Jak dodawała Agnieszka Gajzler z Presspubliki, w polskiej sieci wciąż nie ma dziś zbyt wielu atrakcyjnych treści wideo. – Brakuje ich, bo trzeba za nie płacić, a dużym problemem rynku jest legalizacja tego procesu. Treści wideo w sieci, żeby mieć widzów, muszą mieć dobrą jakość. Google TV i Apple TV nie odniosły sukcesu, bo Hollywood nie przekazuje im swoich treści – zauważa Artur Budziszewski, dyrektor w Orange.

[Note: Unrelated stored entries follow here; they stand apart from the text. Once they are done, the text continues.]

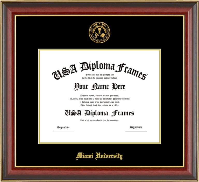 Want to explore more styles? Browse our full range of diploma frame layouts, or visit the Miami University (OH) to view options available for your school. Looking for a fully personalized design? Try our custom Frame Builder and create a frame that’s uniquely yours.
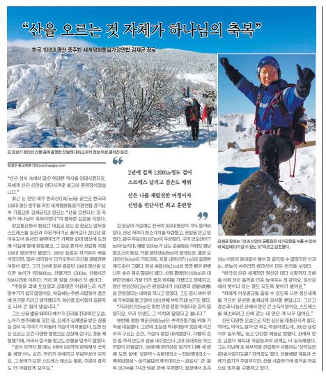 - 100대명산을 딱 2년만에 완료했는데 계획의 힘이고 자기관리의 힘이라고 생각한다. 평소에 산행지에서의 설레임을 생가하며 항상 긍정적으로 생각한다.
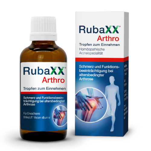 Rubaxx Arthro ist eine rezeptfreie Arzneispezialität in Tropfenform, die speziell für Schmerz und Funktionsbeeinträchtigung bei altersbedingter Arthrose entwickelt wurde. Der in Rubaxx Arthro enthaltene Wirkstoff Viscum album entstammt der Weißbeerigen Mistel und ist auch bekannt als potenter Wirkstoff in der begleitenden Krebstherapie. Er bekämpft Arthrose dort, wo sie entsteht: Im Inneren des Körpers und wirkt dabei schmerzlindernd. Mehr noch: Der Wirkstoff kann durch den apoptotischen Zelltod sogar bestimmte Körperzellen stoppen, die den Gelenkknorpel bei Arthrose angreifen.2 Somit wird der Knorpel geschützt und die bei Arthrose typischen Anlauf- und Belastungsschmerzen werden bekämpft.
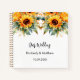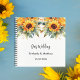 A white background decorated with watercolored sunflowers and greenery. Personalise and add a title, your names and the wedding date.
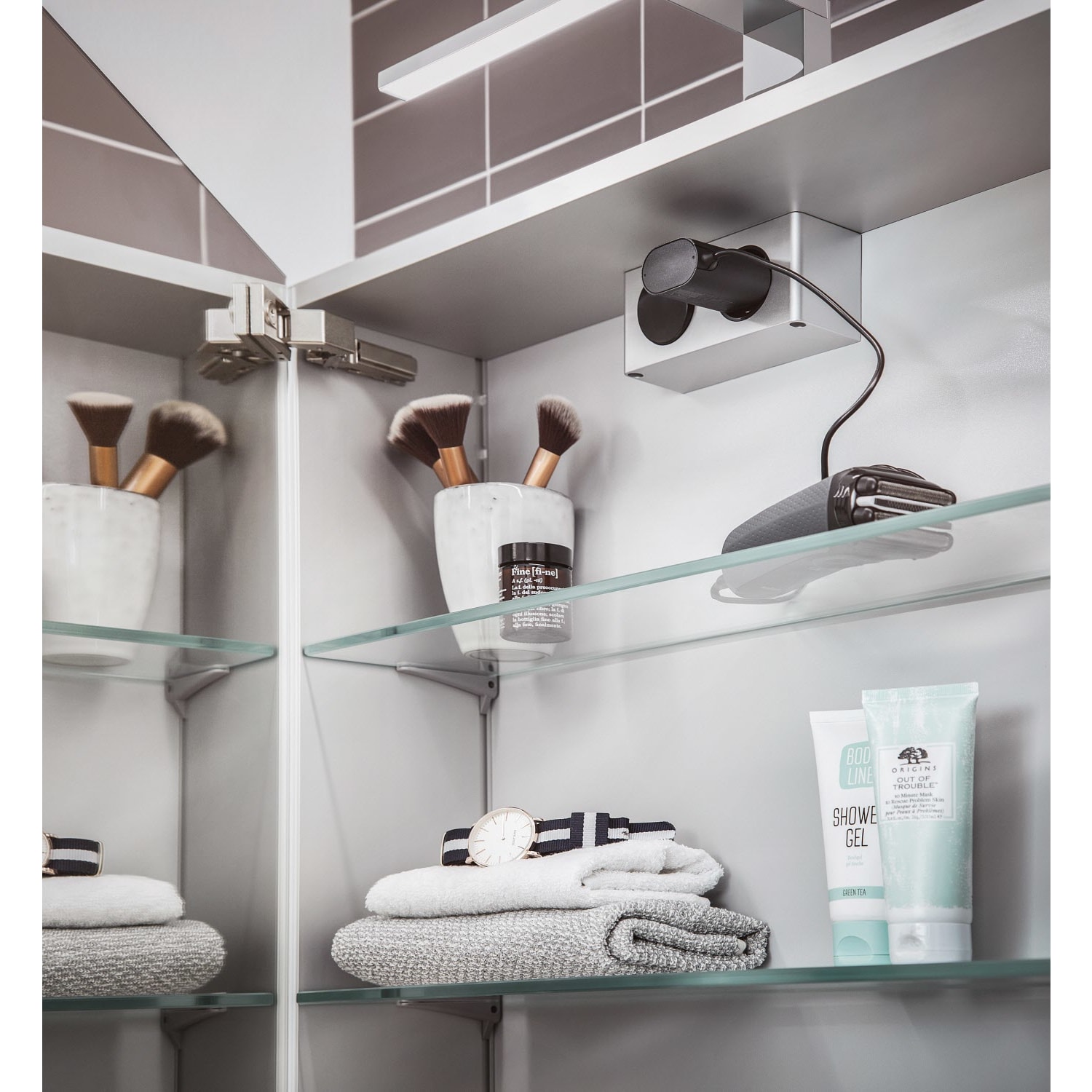 - 2 stufenlos einstellbare Ablagen aus Kristallglas
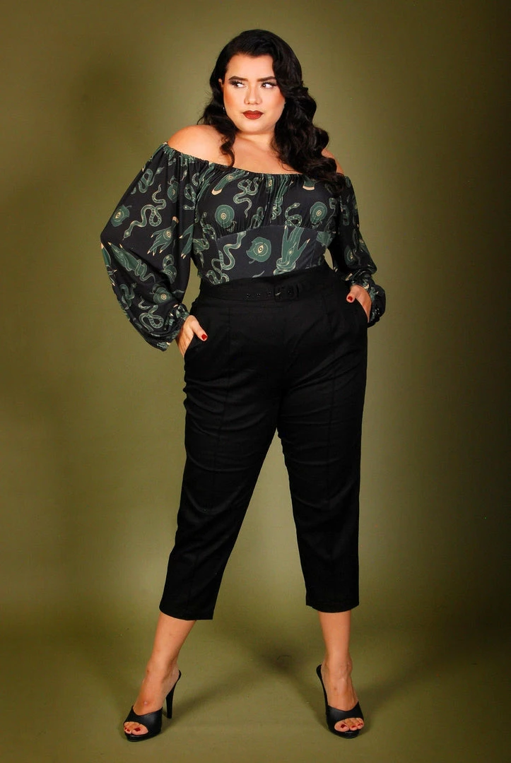 We took the flowing sleeves of our Gia Gown for added 1930’s inspired elegance and combined them with the curved bustline of our Peasant Tops to better accommodate bigger busts while also being super flattering on smaller chests. This top also features elasticized wrists, an elasticized neckline that can be easily worn on or off the shoulders, and no closures for a fuss-free pullover fit. Made from our classic stretch poly crepe, this top is made for all day comfort.Â
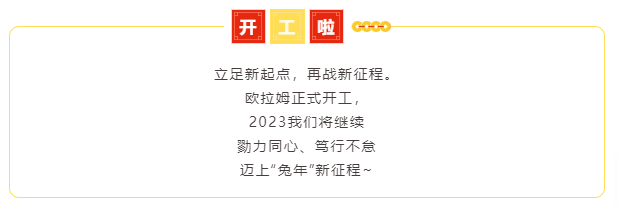 2月2日早上,歐拉姆董事長金志遠和總經理黃時然迎接各位員工復工返崗,給大家拜年,致以新春祝福。“大家新年快樂”,伴隨著喜慶的祝福聲,員工們紛紛送上了對公司新一年的祝福??偨浝斫o員工們發來了紅包“開年驚喜”,在一片熱鬧喜慶的氣氛中,歐拉姆人精神抖擻、蓄勢待發,向著新一年目標沖刺!
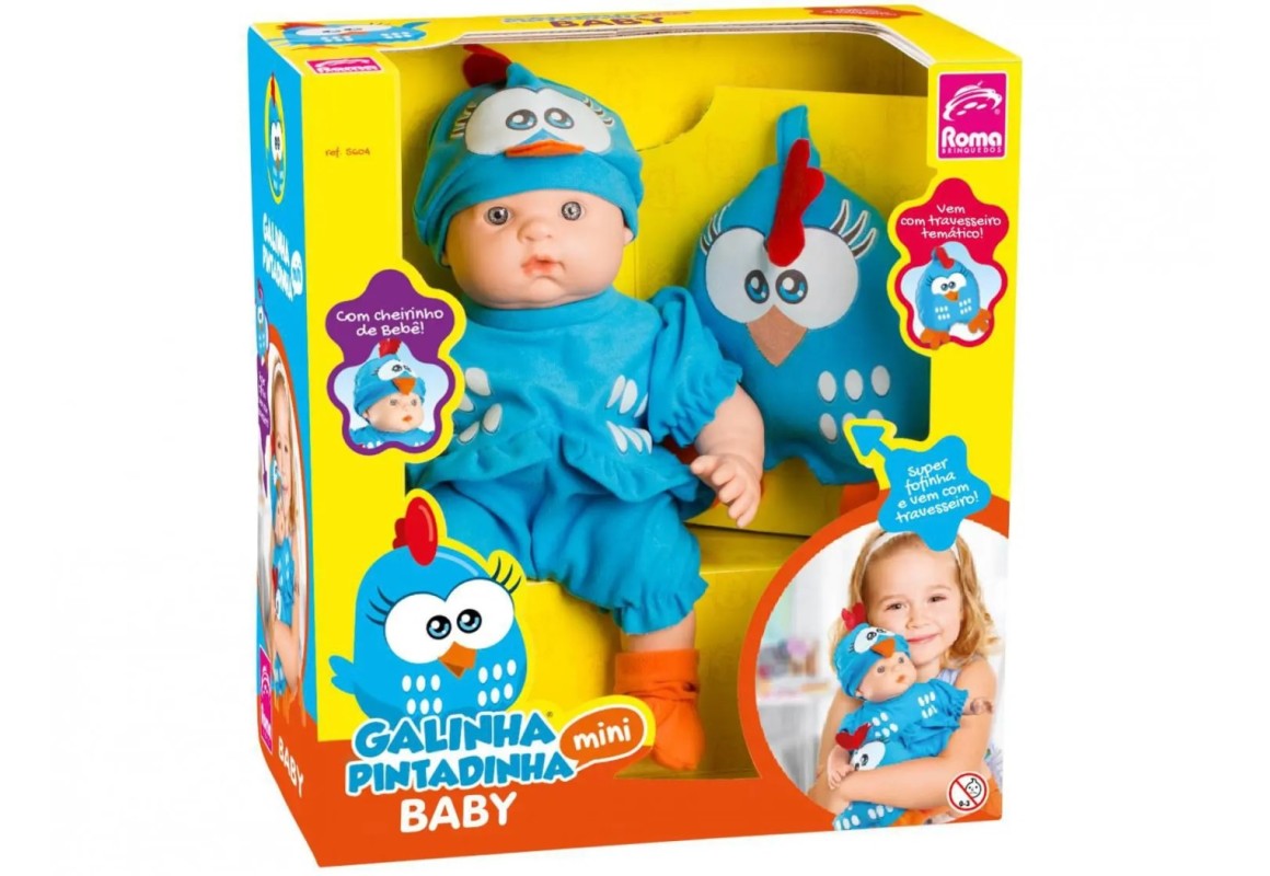 O boneca Galinha Pintadinha Baby mini da Roma é o maior sucesso! Essa linda bonequinha com corpinho em tecido e que possui braços, perninhas e cabeça em vinil perfumado e macio. Tudo isso em uma linda roupinha temática que a deixa linda! Além disso, a boneca acompanha um acessório super fofo, um travesseirinho no formato da personagem Galinha Pintadinha. É gostosa de apertar e vem com cheirinho de bebê.
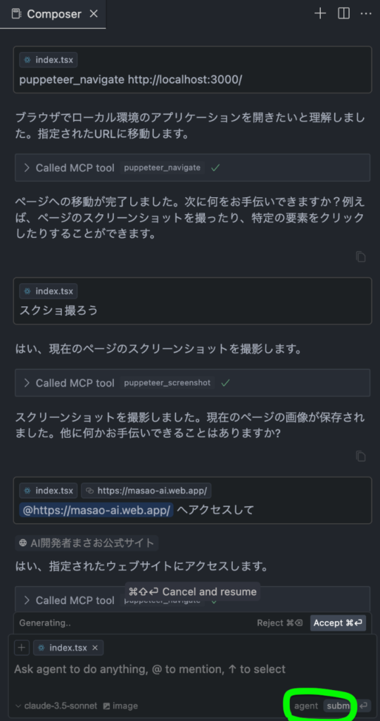 現在は「Composer」機能(Ctrl+I / Cmd+I)やエージェントモードでMCPツールが活躍します。

Jak zaznaczał Wojciech Kowalczyk z domu sprzedaży reklam w kanałach tematycznych Atmedia, z badań wynika, że tylko ok. 10 proc. Polaków jest skłonnych płacić za wideo w sieci. Według Artura Budziszewskiego sytuacja wygląda jednak inaczej, bo tak naprawdę za każdą taką treść Polacy płacą. – Nielegalnym platformom z treściami tez płacą po 9-10 zł miesięcznie. Problem w tym, żeby płacili tym, którym powinno się za twe treści płacić – mówił. Legalnym dystrybutorom internauci z kolei płacić nie chcą, bo ich oferta nie obejmuje np. nowości kinowych, które najbardziej widzów interesują. A licencje na te kosztują platformy internetowe tyle, że długo jeszcze nie będą im się opłacać.

Żeby móc uzupełniać przychody o wpływy z reklam wokół treści wideo, dystrybutorzy musieliby móc prezentować wiarygodne dane na temat ich oglądalności – Nasi klienci coraz częściej chcą otrzymywać na ten temat analogiczne wyniki badań, jak telewizyjne. Ale my dziś nie mamy odpowiedzi na takie pytania – zauważał Wojciech Kowalczyk.

Z badań kanałów telewizyjnych i treści wideo wynika, że w Polsce nie zachodzi na razie na szerszą skalę widoczna już w innych krajach rewolucja, polegająca na przesiadaniu się ludzi z przed ekranów telewizorów na tablety, laptopy czy smartfony. – W swoich badaniach rozróżniamy cztery grupy odbiorców i tylko jedna z nich, nazwana przez nas cyfrowym plemieniem, ogląda treści wideo na urządzeniach innych niż telewizor. W pozostałych grupach 99 proc. osób ogląda je na ekranie telewizora, a w grupie cyfrowego plemienia: 75 proc. mówił Artur Budziszewski. Zmiany technologiczne w niewielkim stopniu wpływają też na razie na to, co ludzie chcą oglądać. – Kilka lat temu widzowie deklarowali, że najchętniej oglądają filmy, seriale i programy rozrywkowe, a następnie sport i informacje i dziś niewiele się w tej kwestii zmieniło – mówił Wojciech Kowalczyk. Zmianę widać tylko w przypadku programów informacyjnych, które w widoczny sposób coraz częściej są czytane na ekranie smartfona. – To tego rodzaju treści, które dziś są częściej przeglądane w Internecie i z racji swojego charakteru coraz częściej przypisane do smartfona –mówił Kowalczyk.